When a special project now housed at Rhodes is completed, hearing and deaf people will be able to converse using a special translation app on their cellphones.

When a special project now housed at Rhodes is completed, hearing and deaf people will be able to converse using a special translation app on their cellphones.

In the age where mobiles can do everything, if not more, than computers can do, it is little wonder that phone applications – more commonly known as simply apps – have become an intrinsic part of people’s everyday lives.

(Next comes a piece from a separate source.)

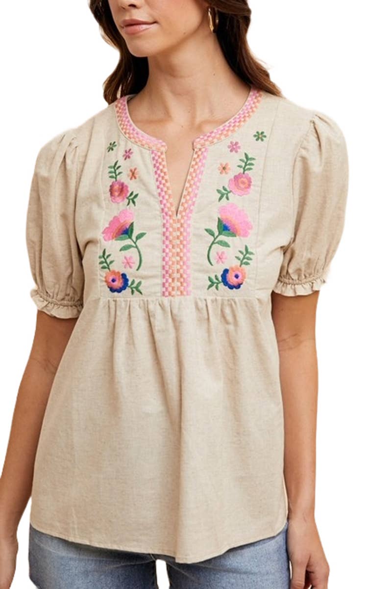 Raj Lola Top is embellished in jewel tone floral embroidery and puff short sleeve. Lola is made with 100% Cotton.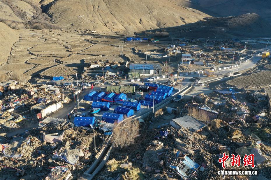 2025年1月7日,西藏日喀則市定日縣發(fā)生6.8級(jí)地震,造成重大人員傷亡。地震發(fā)生后,30天內(nèi)完成民房重建規(guī)劃、選址、設(shè)計(jì),90天內(nèi)完成災(zāi)后恢復(fù)重建總體方案編制和報(bào)審,震后100天內(nèi)進(jìn)入項(xiàng)目全面實(shí)施階段,220天實(shí)現(xiàn)災(zāi)后恢復(fù)重建首批入住目標(biāo),295天實(shí)現(xiàn)重建民房、維修加固民房基本建成并交付受災(zāi)民眾,在海拔4300米以上極度缺氧、建材短缺、施工力量薄弱的地震災(zāi)區(qū),創(chuàng)造了“當(dāng)年受災(zāi)、當(dāng)年入住”的重建奇跡。如今,民眾生產(chǎn)生活恢復(fù)秩序,他們將在新居內(nèi)迎接第一個(gè)日喀則農(nóng)事新年。圖為2025年1月8日,西藏自治區(qū)定日縣長(zhǎng)所鄉(xiāng)古榮村,安置點(diǎn)的帳篷。(無(wú)人機(jī)照片)貢嘎來(lái)松 攝

Apps can help your phone help you do everything: get directions, cook a meal, track your fitness regime, learn a new language, organise your shopping list and wile away hours of boredom.

Rhodes University Computer Sciences lecturer, James Connan, has been part of the South African Sign Language (SASL)-to-English translation app since its conception in 2001.

The idea behind the app is to create a seamless translation from English to SASL and back again using only the microphone, video camera, screen and wireless connectivity of a mobile phone.

Connan is working toward a time when pointing a mobile at a hearing person while they speak will almost instantly create a 3D avatar signing what was said for the deaf person to see.

The app will also work the other way around: a deaf person can sign a response into the mobile’s camera, and the app will translate the signs into English for the hearing person to understand.

To date, the SASL project has combined the computer skills of Connan and over 40 students nationwide, to create a preliminary app called iSign. 

iSign is able to recognise hand shapes, gestures and the basic facial expressions that make up the SASL language and is able to render around 50 common phrases in SASL and English.

This means iSign can be used as a phrasebook to carry out a rudimentary conversation between a hearing person and a deaf person.

The aim now is to transform iSign into a working translator of any and every sentence that could be conjured up in either language.

For the linguistic side of the project to be as flawless as possible, Connan has collaborated with the Rhodes Linguistics Department, which runs an annual course on SASL for second-year students.

Mikhaela Kohlo, a Linguistics Masters student at Rhodes, is one of the students looking to make that translation a reality. This year, Kohlo’s task is to study current theories about how Sign Languages can be coded in writing to see if they can assist in the project.

This will determine how to assign entire gestures to corresponding English phones, which is the term linguists use to define the representations of all the possible sounds in English.

“I am intensely excited in participating towards adding to technology [for the deaf]in South Africa,” Kohlo said.

There are challenges to overcome, however; SASL has a number of different dialects, not all of which can be accounted for in such a system, especially since SASL has a number of grammatical eccentricities that make finding a notation system that much harder.

And even when the translation system is finally coded there is always room for error, as anybody who has ever used Google Translate will know. “You’ll never get it perfect. But we’re aiming to get it as close as possible,” said Connan.

“I always relate projects to the development of glasses: you had the monocle, then spectacles and now there’s laser eye surgery. At the moment we’re still in monocle phase,” said Connan, who is firmly optimistic about the future and necessity of the project.

“We (can) use computers to solve other people’s problems. We learn from different areas so that we can apply other skills to our skills to make things that are necessary for those who need them, to function in life better.”